Segment Start: Records to process
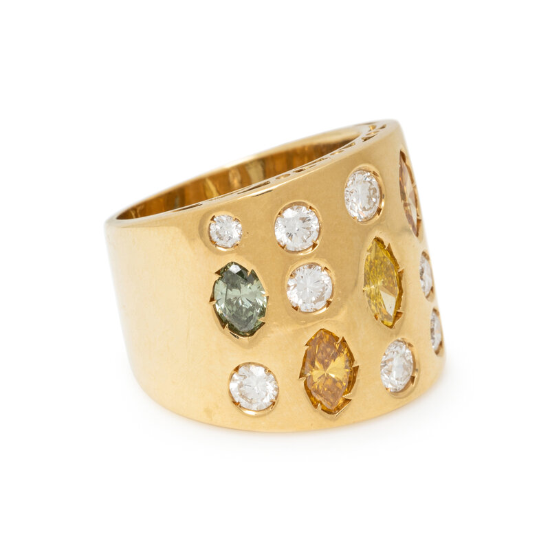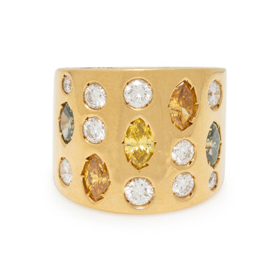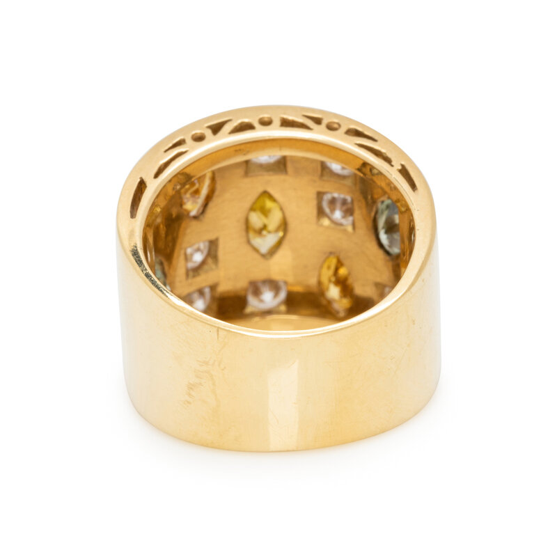 Marquise cut green, yellow, and orange diamonds (origin of color not tested) and round brilliant cut diamonds weighing approximately 1.00 carat total. 18 karat yellow gold. Ring size 6.
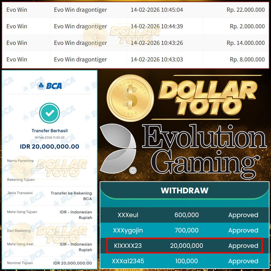 Selamat kepada bosku yang bermain di DOLLARTOTOdengan user id KlXXXX23yang telah mendapatkan kemenangan besar di game DRAGON TIGER > EVOLUTION CASINO
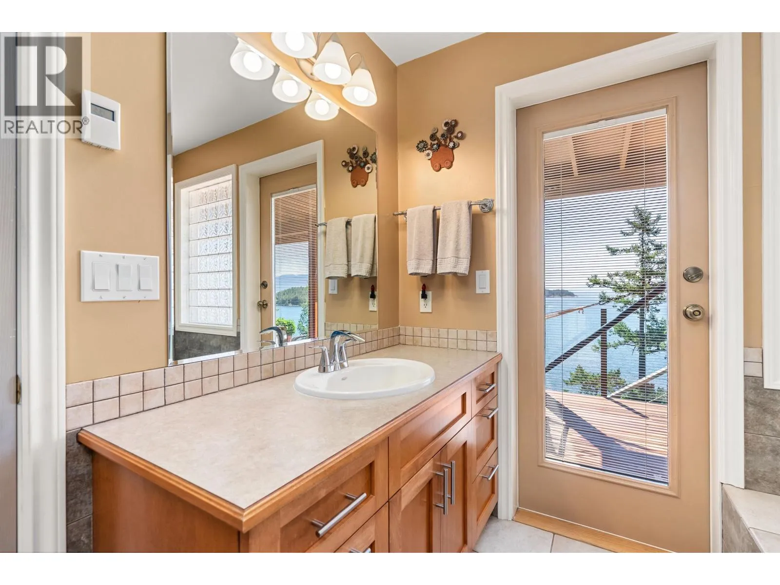 Architecturally designed waterfront home in prestigious Daniel Point. This elegant 3-bed + office coastal retreat offers sweeping south-facing ocean views, vaulted ceilings, and rich wood interiors that elevate the main living space. The primary suite features a spa-style ensuite with soaker tub, walk-in shower, and private balcony with hot tub. A garden-view office provides a serene workspace or optional 4th bedroom. The lower level includes a versatile flex room (gym/guest area) and a dedicated studio space ideal for creative pursuits. Set on a beautifully landscaped 0.519-acre lot with level lawns, fenced gardens, and a workshop below the garage. Private stairs lead to the shoreline-perfect for kayaking, swimming, and quiet moments by the sea. (id:27476)
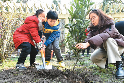 | 江蘇省揚(yáng)州市汶河街道樹(shù)人苑社區(qū)開(kāi)展“我和小樹(shù)共成長(zhǎng)”主題植樹(shù)活動(dòng),請(qǐng)小朋友和家長(zhǎng)種植果樹(shù)苗,增強(qiáng)孩子們的愛(ài)綠護(hù)綠意識(shí)。莊文斌攝(新華社發(fā)) |
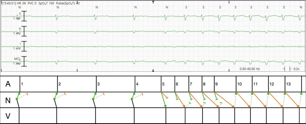 - The first four beats are junctional escape beats which conduct antegrade into the ventricle, and retrograde up the fast pathway (green). They also conduct up the slow pathway (orange), but since the fast pathway wins the race, the atrium is refractory and there is no evidence of slow pathway conduction on surface ECG. In the language of EP, we call this “concealed conduction.”
Segment End: Records to process
## Instructions to follow
This exercise asks for an exact copy of the lines from the first one in the data through the line that contains "Selamat kepada bosku", pictures excluded.

## Solution to this task
 Marquise cut green, yellow, and orange diamonds (origin of color not tested) and round brilliant cut diamonds weighing approximately 1.00 carat total. 18 karat yellow gold. Ring size 6.
 Selamat kepada bosku yang bermain di DOLLARTOTOdengan user id KlXXXX23yang telah mendapatkan kemenangan besar di game DRAGON TIGER > EVOLUTION CASINO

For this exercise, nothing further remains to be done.